Quillan’s arms tightened as he gripped the halter rope. “I don’t think Beck dirtied his own hands.”
Her breath was coming in short bursts. “But you think he ordered it?” She recalled Beck’s curt words to Carruther and Carruther’s immediate response.
“I don’t know what’s behind Evans’ death. If it was meant to send a message to others, then I’d wager long odds Beck’s involved.”
She trembled. “Why are you telling me this?”
He reined in and turned her to face him. “I’m hoping you’ll help me.”
Help him? Hadn’t Berkley Beck said the same? Which of them spoke truth? Whom could she trust?
“Unless, of course, you still think Beck’s the golden boy he pretends to be.”
She recalled Berkley Beck’s hand coiling her hair, his dark in
nuendoes. “I’m not deceived.”
“Then why do you stay with him?” He seemed honestly curious.
She sighed. “I’m waiting.”
“For what?”
The words came with difficulty. “For Flavio.”
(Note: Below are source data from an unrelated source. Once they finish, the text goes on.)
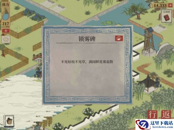 你会发现迷宫里有很多枯枝和杂草,这个是后面锁雾碑的任务,要把园中枯枝和园中杂草砍掉才能解锁迷雾,所以提前做完了后面就不用回来了。所需体力为1是因为探险的时候用的李白。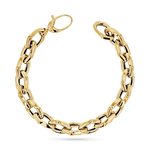 Our Chunky Sculptured Link Chain Bracelet, is crafted in 14K Gold for a bold, modern feel. Each oversized hollow link is flawlessly textured in a sculpted design to catch the light with an organic shimmer. Carved links are connected into one another to create a bold look without a massive weight.  Perfect for stacking or wearing solo, it’s the statement piece you didn’t know you needed, but won’t want to take off.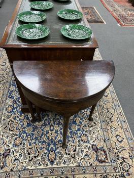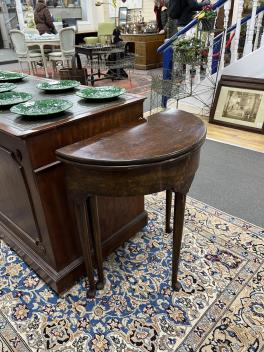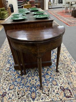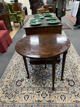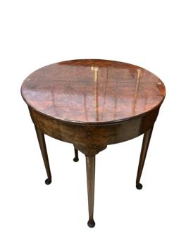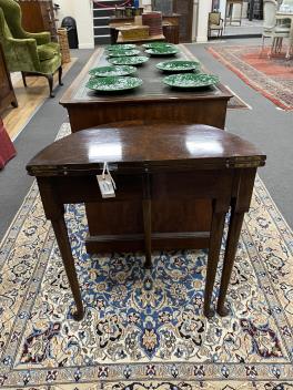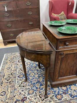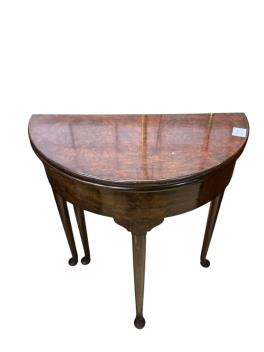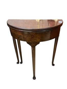 Lot 195 , A George II style burr walnut fold over demi lune tea table, width 61cm, depth 30cm, height 69cm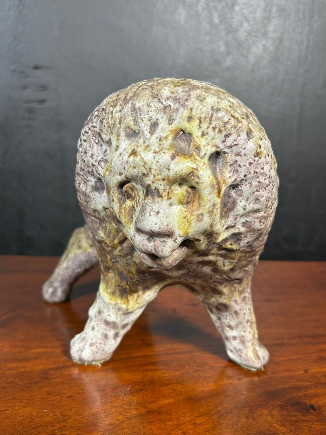 Particolare statuetta in ceramica raffigurante un leone stilizzato in posizione eretta, caratterizzato da forme compatte e proporzioni robuste. La figura presenta una lavorazione materica con superficie ricca di texture e smaltatura policroma nei toni del marrone, ocra e verde, che conferisce profondità e movimento all’insieme.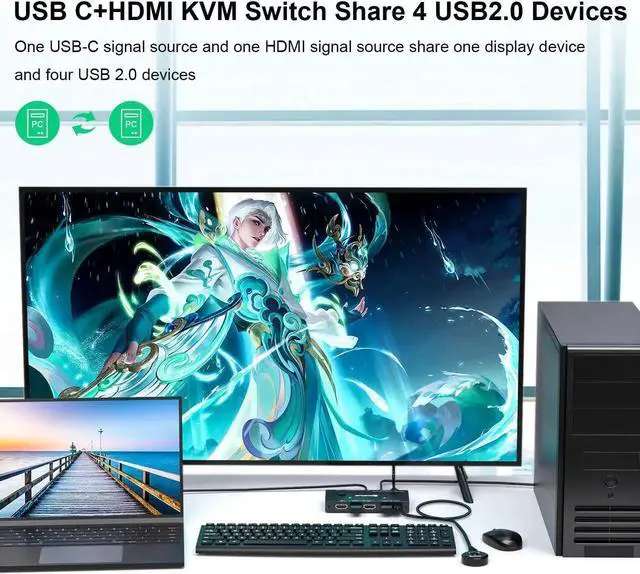 • USB Type-C KVM Switch 2 In 1 Out 4K USB HDMI KVM Switch Support PD Charg for 2 Computers Share 1 Monitor and 4 USB Devices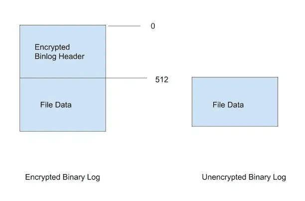 An encrypted binlog file has 0xFD62696E . An unencrypted binlog file : 0xFE62696E

Quillan slid the back of his fingers over the side of his jaw. “The one who doesn’t care?”
She dropped her gaze, ashamed to have told so much. Why did she blurt things she didn’t admit even to herself whenever Quillan held her with his eyes? “He may still.”
“And until then, Beck pays your keep.”
He made it sound cheap, dishonest. “He employs me in his office.” She flushed.
His laugh came readily. “Don’t worry. I mistook you that first time, but I’ve realized my mistake.”
“That first …” Her sudden fury burned. “That was why you wouldn’t help? Why you sent my wagon …”
“I sent your wagon down to clear the road. There was no other way.”
The tears that sprang to her eyes angered her, but they seemed to soften him, the lines of his face losing their edge, the brows drawing together.
His voice thickened. “I wish I’d come on you with an empty wagon.” He released her and started Jock again.
She swallowed the tears. It was as close to an apology as she would get. Her shoulder throbbed, sending shards of pain through her arm and down her back. She felt drained and weary but held herself stiffly, so as not to rest against him. Even so, with the motion of the horse they brushed, a constant reminder of his presence. As though she could forget.
He cleared his throat. “About Berkley Beck, will you keep your eyes open?”
“I’ve seen nothing that—” Jock stumbled and she slipped to the side.
Quillan caught her, his arm tight around her waist, and firmly reseated her. “You best sit tight to me over this rough ground. It’s a little late for appearances.”